Delhi’s Aam Aadmi Party (AAP) government on Friday refused to be a part of the Ayushman Bharat scheme, saying the Centre’s flagship national health protection scheme (NHPS) would not offer cover to enough people and that the state would work towards implementing its own health insurance scheme instead.
Ayushman Bharat, often referred to as ‘Modicare’, is expected to be launched by the Union government on August 15. It aims to provide health insurance cover of up to Rs 5 lakh to 500 million “poor and vulnerable” Indians. Under the scheme, the states will have to pay for 40% of the funds disbursed, while the Centre will contribute the rest.
“The state government does not agree with the Centre’s health insurance scheme because it is bound to exclude a majority of Delhi’s population who need it. The Delhi government will work towards implementing its own health insurance scheme,” Dr Kirti Bhushan, director general of health services, Delhi government, said on Friday.
“Under NHPS, the government will cover beneficiaries according to the socio-economic caste census of 2011. The population of Delhi is rapidly growing and greatly varies from what it was in 2011. So, providing insurance on the basis of that data will be a flawed practice,” he added.

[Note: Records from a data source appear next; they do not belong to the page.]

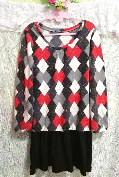 > 赤白黒灰ダイア柄ニット黒スカート長袖ネグリジェチュニックワンピース Red white ash knit negligee black skirt long sleeve tunic dress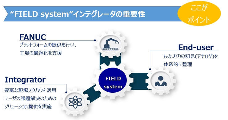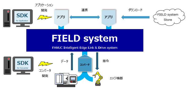 ファナック株式会社のIoTプラットフォーム「FIELD system」のFIELDは、FANUC Intelligent Edge Link & Driveを意味しており、「かしこく・つながる・動かす@現場」を実現したいという思いが込められています。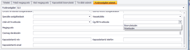 Van lehetőség ügyfél hivatkozás feltöltésére is. Ez az adat a Bizonylatszám, vagy az Iktatószám lehet. Alapértelmezetten is be tudjuk állítani a Rendszer beállítások/Futárszolgálat beállítások menüpontban.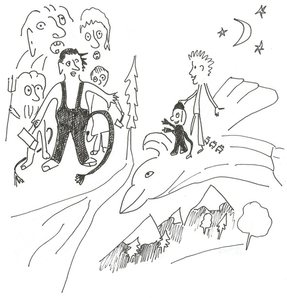 Пошли они вместе к ворону, который их поджидал. Посадил их ворон себе на спину и отнёс на своих крыльях на гору, где живут тролли. Когда увидел старый тролль своего сыночка, так обрадовался, что забыл обо всём на свете.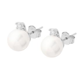 Ciondolo a forma di vortice con cubic zirconia incastonati con montatura pavè e al centro perla in vetro perlato bianco.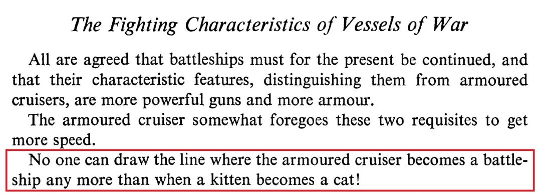 ——“...说回到舰种分类,一个东西是装甲巡洋舰还是战列巡洋舰还是高速战列舰,对费舍尔,对贝尔福德,对丘吉尔,对罗斯福,对希佩尔,对简氏防务期刊,对中国普通军事爱好者,理解实际上都可以是不同的,这取决于他们的生活场域。对后两者来说,这玩意是一个同切身的运用和体认无关的纸面概念,所以才觉得这个概念和其他概念之间一定要有边界,一定有本质属性上的差别。实际上是不一定的...”
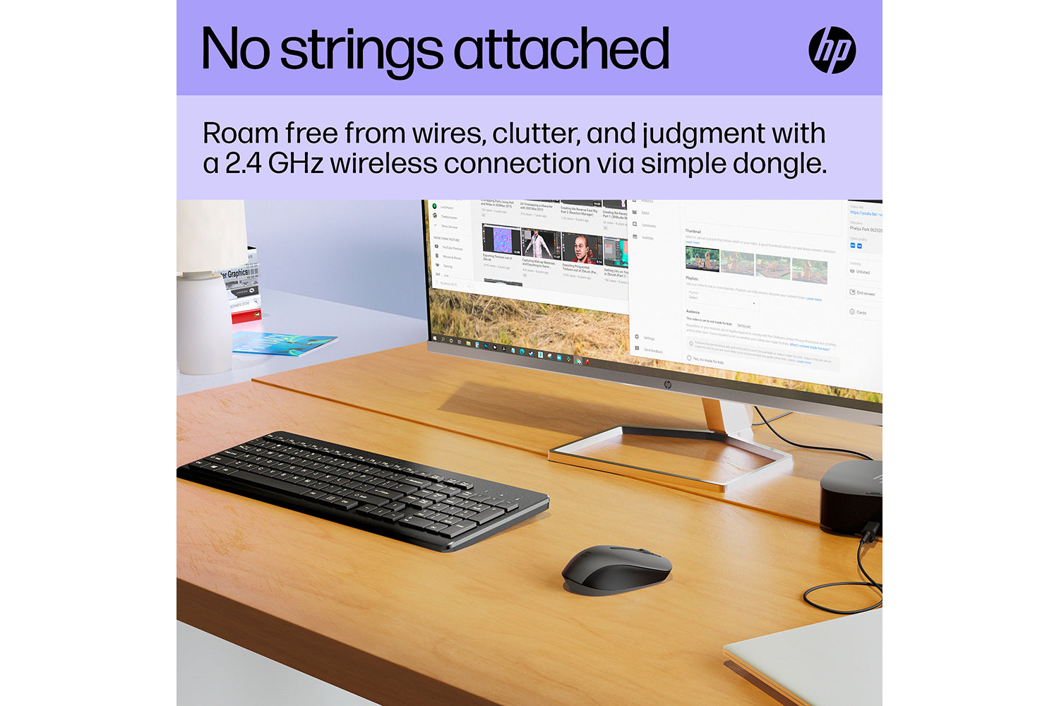 This keyboard and mouse are ergonomically designed to fit your natural comfortable position. Left, right, and scroll wheel mouse buttons keep your motions in control. With its 1600 DPI optical sensor, this mouse works on almost any surface with astounding accuracy. Stash it in your bag with your laptop and you'll be good to go.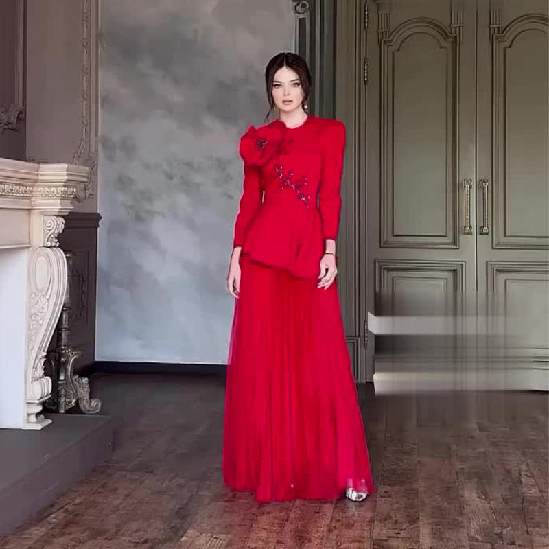 ชุดเดรสยาวหรูหราของผู้หญิงชุดเดรสยาวสไตล์ศาลวินเทจสไตล์ฝรั่งเศสชุดคอลเล็คชั่นใหม่ผ้าโพลีเอสเตอร์
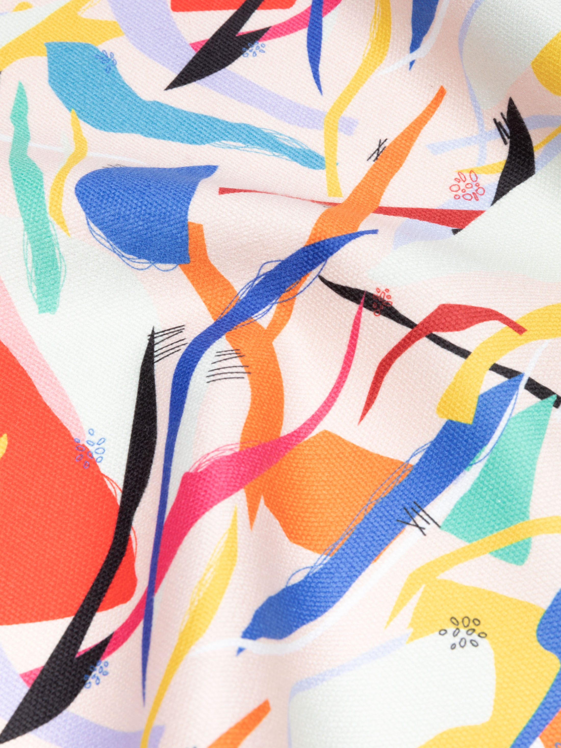 オフホワイトの生地で、プリントの色合いも良く、コントラストも綺麗に映えます。 プリントそれ自体は非常に鮮やかです。また、タイトな編み目にも関わらず、光が当たると裏側からも僅かにプリントが透けて見えます。ディテールも細かく再現され、複雑なパターン柄も問題ありません。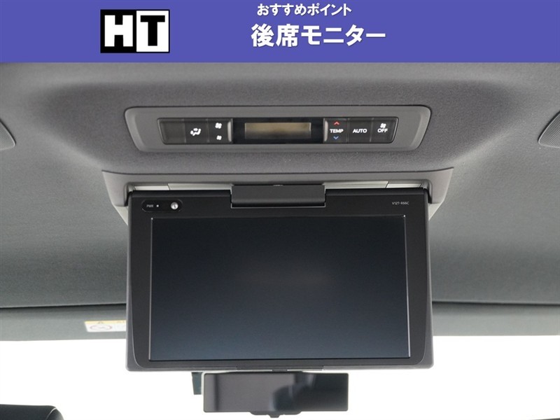 【後席モニター】折りたたんで収納できるので使用しないときには邪魔になりません。長時間のドライブには是非音楽や映画を楽しんでください。

She also pointed out that 73.4% of all the households surveyed by SECC were for rural India, while Delhi only has 8% of rural population.
When contacted, Ayushman Bharat CEO Dr Indu Bhushan, however, said that the Delhi government hasn’t officially conveyed anything about not signing the scheme to her department. “I had a review meeting today, where I was told that Delhi would sign after their assembly session ends today,” he said.

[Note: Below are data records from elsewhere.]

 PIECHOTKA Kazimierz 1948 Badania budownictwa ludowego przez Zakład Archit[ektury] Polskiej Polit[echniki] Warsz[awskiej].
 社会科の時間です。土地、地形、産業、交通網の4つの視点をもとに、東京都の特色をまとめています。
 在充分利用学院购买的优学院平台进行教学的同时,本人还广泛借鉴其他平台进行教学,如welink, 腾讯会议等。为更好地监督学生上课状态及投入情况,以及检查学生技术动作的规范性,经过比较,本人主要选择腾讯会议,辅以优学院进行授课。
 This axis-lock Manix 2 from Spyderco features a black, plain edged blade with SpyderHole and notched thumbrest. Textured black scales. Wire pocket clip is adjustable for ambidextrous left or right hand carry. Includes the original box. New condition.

Only eight states are yet to come on board with the Central scheme — Odisha, Punjab, Tamil Nadu, Kerala, Karnataka, Telangana, Maharashtra and Delhi. Public health is a state subject, according to the Indian Constitution.
While Odisha has launched a parallel scheme that offers hospitalisation cover of up to Rs 5 lakh to men and Rs 7 lakh to women, “the other states have agreed and are in the process of signing”, Dr Indu Bhushan said.
The Delhi government has allocated Rs 100 crore in this year’s budget for the state insurance scheme that will provide a cover of Rs 1 lakh per family per year for most illnesses that need hospitalisation and Rs 2-4 lakh for critical illnesses. According to Delhi health minister Satyendar Jain, between 1,700-1,800 illnesses and conditions will be listed as ‘critical’.
A government official familiar with the developments said that the insurance scheme to be launched by the Delhi government will also include beneficiaries who show National Food Security cards and have electricity connection load below 2 kilowatts. The officials claimed that this will widen the beneficiary net to include 1.2 crore people as opposed to the 35 lakh people (7 lakh families) who would receive insurance cover if the Centre’s norms were followed.
“It should not be either/ or; the state government should utilise funds from the centre to augment their own scheme. Combining the two, if possible, would help in making the scheme more workable as several of the package rates that have been proposed are way below the market rates and hospitals may not be able to or want to operate on those costs. Also, it is important to not have the 1 lakh or 5 lakh cap on the insurance cover uniformly for all. Rather the schemes must look at disease category wise cover because, for example, a person who undergoes an organ or bone marrow transplant will need expensive medicines for life, but that is not true for someone who has undergone other routine surgeries,” said Dr MC Mishra, former director of All India Institute of Medical Science.